Mengembalikan Wibawa Mukim di Tengah Pemerintahan Gampong
Oleh : Jamaluddin Ismail - Warga Pidie Jaya
"Jika Mukim terus dilewati, tidak dilibatkan dalam keputusan-keputusan penting, maka kami khawatir tatanan masyarakat Aceh akan kehilangan arah."
OPINI - Sebagai masyarakat Aceh, kami melihat perubahan yang pelan-pelan terjadi dalam sistem pemerintahan di Gampong. Salah satu hal yang terasa adalah menurunnya peran Mukim, padahal dulu Mukim sangat dihormati dan jadi pusat keputusan penting antar gampong.
Dulu, Imuem Mukim itu ibarat orang tua bagi semua gampong. Ia tahu persoalan warga, tahu sejarah dan batas wilayah, tahu siapa tokoh yang bisa dipercaya di setiap gampong. Kalau ada masalah antar gampong, Mukim jadi penengah. Kalau ada pembangunan, Mukim yang bantu arahkan supaya tidak tumpang tindih.
Bahkan, kalau jabatan keuchik kosong, masyarakat biasanya mengandalkan Imuem Mukim untuk sementara mengatur gampong tersebut sampai ada pemimpin baru. Tapi sekarang, penunjukan Pj (Penjabat) Keuchik sering langsung ditentukan oleh pihak kecamatan atau kabupaten, tanpa melibatkan secara langsung Mukim. Kami, sebagai masyarakat.
Dalam banyak kasus, keuchik juga sekarang langsung berurusan ke camat, tanpa melalui Mukim. Padahal dalam adat dan aturan, semua laporan atau penyampaian seharusnya lewat Imuem Mukim dulu. Ini bukan soal birokrasi, tapi soal menghargai struktur adat yang sudah berjalan sejak dulu.
Padahal secara hukum, kedudukan Mukim sudah jelas diatur. Mukim diakui dalam Undang-Undang Nomor 44 Tahun 1999 tentang Keistimewaan Aceh, dan lebih diperkuat lagi lewat Undang-Undang Nomor 11 Tahun 2006 tentang Pemerintahan Aceh. Qanun Provinsi Aceh Nomor 4 Tahun 2003 juga menyebut Mukim sebagai kesatuan masyarakat hukum yang berdiri sendiri di bawah kecamatan, terdiri dari beberapa gampong, dan dipimpin oleh Imuem Mukim yang dipilih oleh wakil masyarakat.

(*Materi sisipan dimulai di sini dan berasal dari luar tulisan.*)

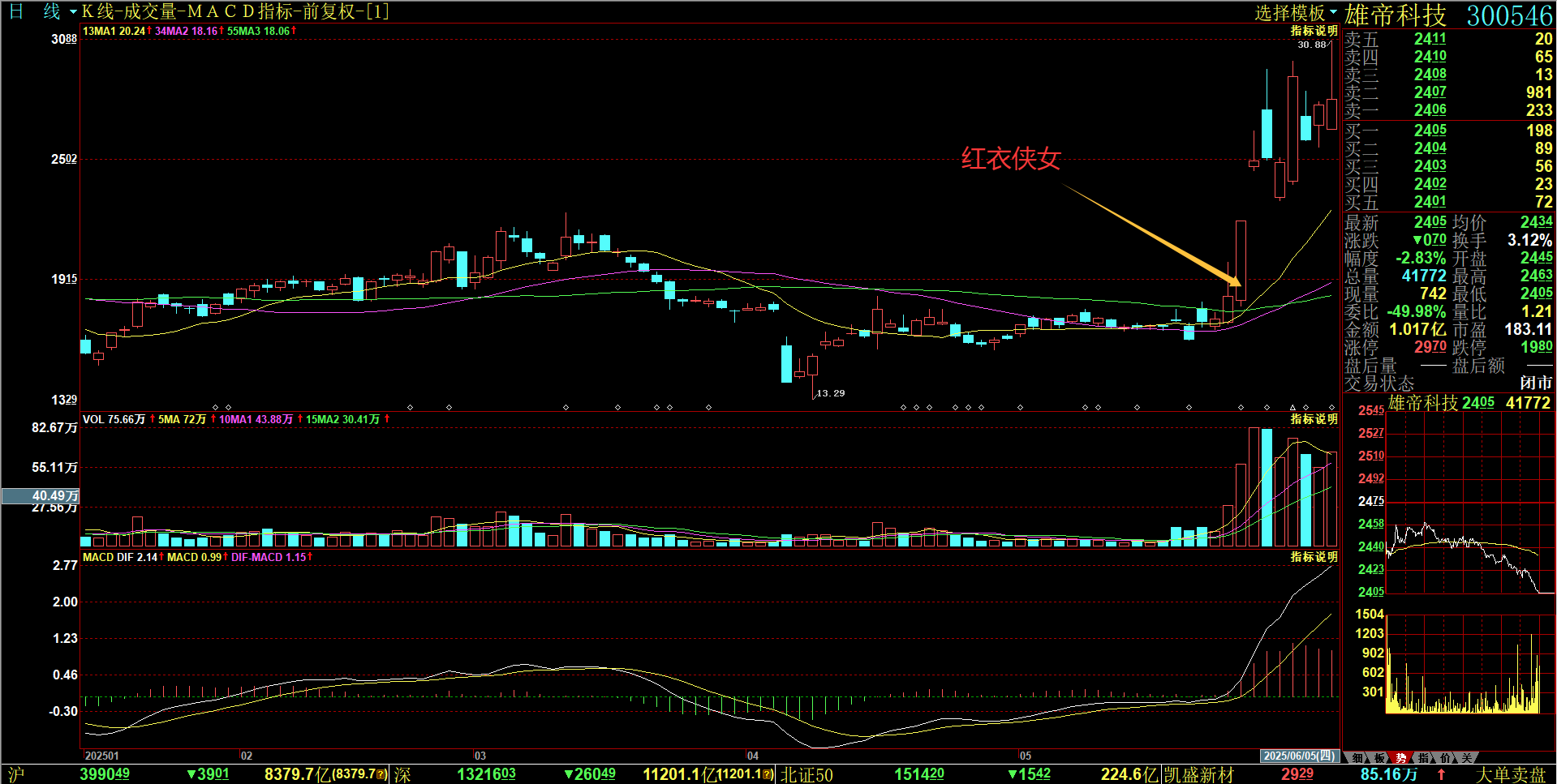红衣侠女是135战法中的经典攻击形态,复盘时只要发现该形态都应该引起足够的关注。因为它是股价质变的节点,在股价质变节点出现时,跟进获利速度比较快。若想把股票做好,无论买进还是卖出,都要讲究“进退有据”,不要去赌,也不要去猜,严格按指令操作。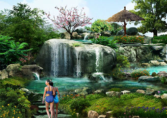 户外温泉建筑面积约15000平方米,以生态自然、休闲养生为特色,小桥流水,亭台楼榭,清溪潺潺,花果飘香;雾雨时节,烟霞缥缈,山色苍苍,湖水茫茫;置身其中,宛若蓬莱。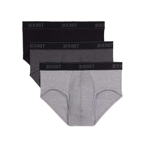 2(X) IST Herr Essential Cotton Contour Pouch Brief 3-pack underkläder (paket med 3), Svart/Grå/Träkol Heather, L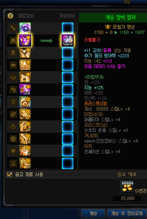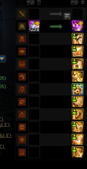 버퍼 전용 고유 장비 선택 상자로 위의 예시인 '상의'를 고릅니다.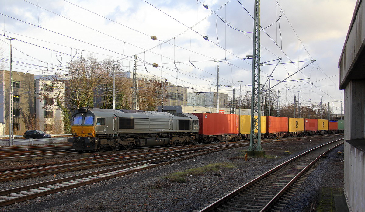 Die Class 66 DE6306 von Crossrail kommt mit einem MSC-Containerzug aus Antwerpen-Krommenhoek(B) nach Germersheim(D) und kommt aus Richtung Montzen/Belgien und fährt in Aachen-West ein.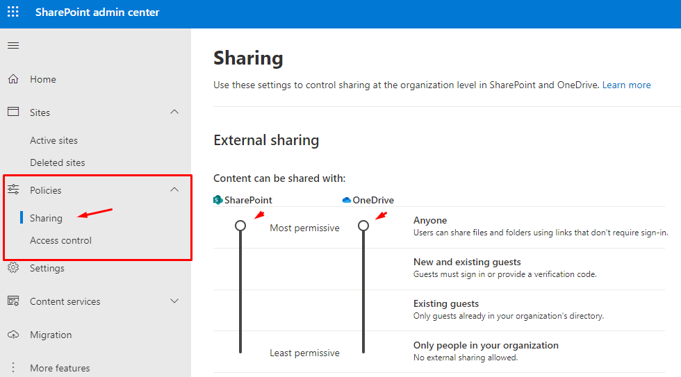 Açılan pencerede Policies>Sharing menülerine tıklayın. External Sharing başlığı altında Sharepoint ve OneDrive için içeriklerin paylaşım seviyeleri bulunmakta. Burada bulunan butonlar varsayılan olarak Any yani herkese açık izin seviyesinde gelmektedir. Butonları aşağı çekerek paylaşım seviyesini organizasyon içine doğru daraltabilirsiniz.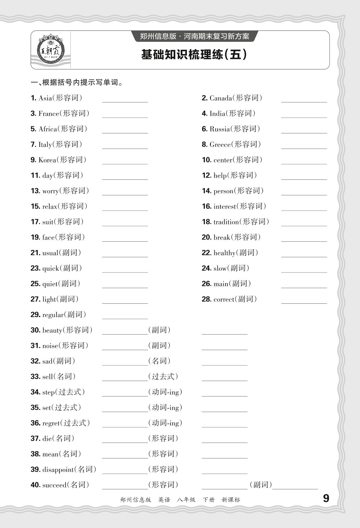 2024春下册八年级英语新课标版 期末过课本郑州版·基础知识梳理练(五)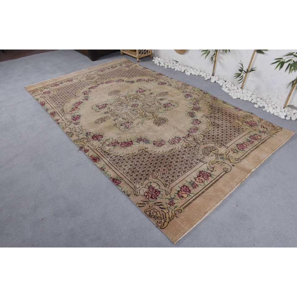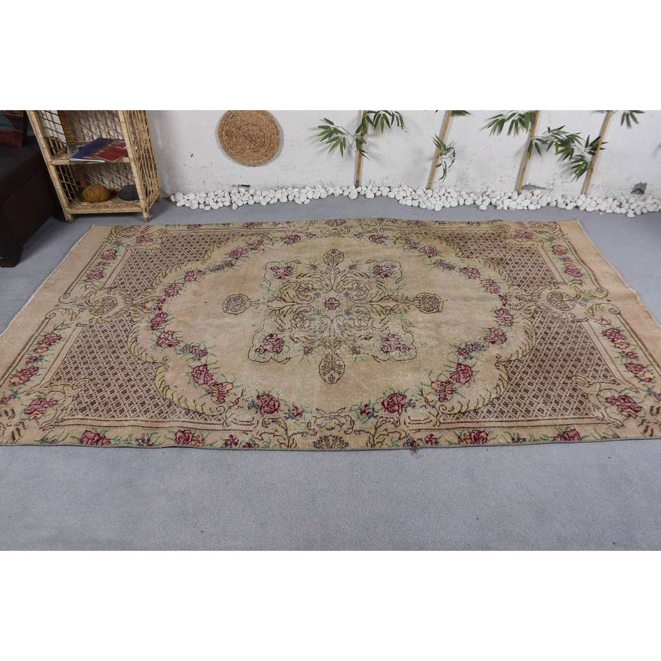 Alfombra KayraHome Clásica Beige Vintage de Lana Turca Ecológica de Pelo Medio, 5.2 x 9.1 pies, Diseño de Tejido Plano con Parches, para Comedor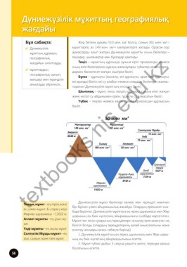 бада берілген. Дүниежүзілік мұхиттың ең терең шұңғымасы мен Жер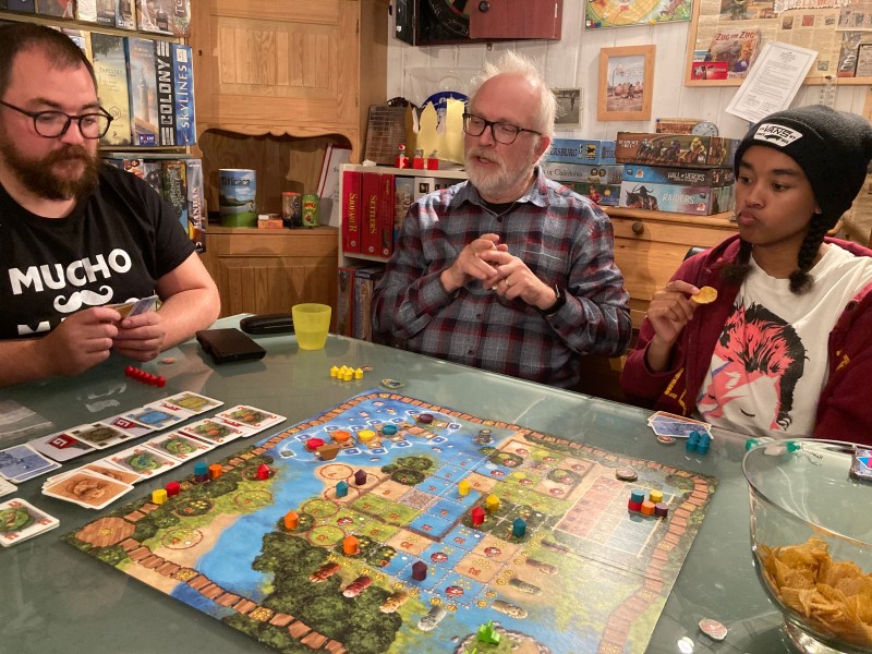 Hangaround Terje bruker alltid å bli med på MidWinter når PG tar turen opp. Så også dette året. Han ville spille noe skikkelig, og Sveinmain og Peter tok han med til Mombasa. Eneste minuset var at ingen av oss hadde spilt det på over 5 år. Reglene var mange og rustne, og det preget både spillingen og opplevelsen dessverre. Men Mombasa må nok komme kjappere på bordet igjen, da dette var vårt Alexander Phisterfavoritt før han lagde Great Western Trail, og siden ikke blitt spilt. 6/10 men har potensial til 9/10.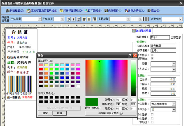 注:该图画面是高级版本的标签设计界面,与普及版本的标签设计画面及功能不同,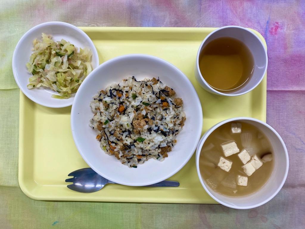 今日のメニュー 4月8日(水) ひじきチャーハン だいこんの中華スープ キャベツとツナの酢和え 今日はひじきチャーハンです。 鶏ひき肉・ひじき・にんじん・ねぎをごま油で炒め、ご飯に混ぜ込みました。 鶏ひき肉の旨みとコク、ごま油の香りが食欲をそそる、子どもたちに人気のメニューです。 鉄分やカルシウムなどが豊富に含まれており、手軽に栄養を摂取できます。 今日のメニュー 前の記事 今日のメニュー 次の記事

Kami hanya ingin menyampaikan bahwa Mukim masih penting bagi kami. Imuem Mukim bukan hanya pemimpin adat, tapi tokoh panutan yang masih kami hormati. Jika Mukim terus dilewati, tidak dilibatkan dalam keputusan-keputusan penting, maka kami khawatir tatanan masyarakat Aceh akan kehilangan arah. Adat bisa hilang, komunikasi antargampong jadi renggang, dan masyarakat makin jauh dari pemerintah.
Kami berharap para pemangku kebijakan di kabupaten dan kota terskusus Pidie Jaya, termasuk camat dan dinas terkait, tidak hanya mematuhi aturan, tapi juga menghidupkan kembali peran Mukim dalam praktik. Libatkan Mukim dalam pembangunan, dalam musyawarah antar gampong, dan dalam setiap pengambilan keputusan penting.
Karena bagi kami, masyarakat di Gampong, Mukim bukan hanya bagian dari masa lalu. Mukim adalah bagian dari solusi hari ini, dan penjaga jati diri Aceh ke depan.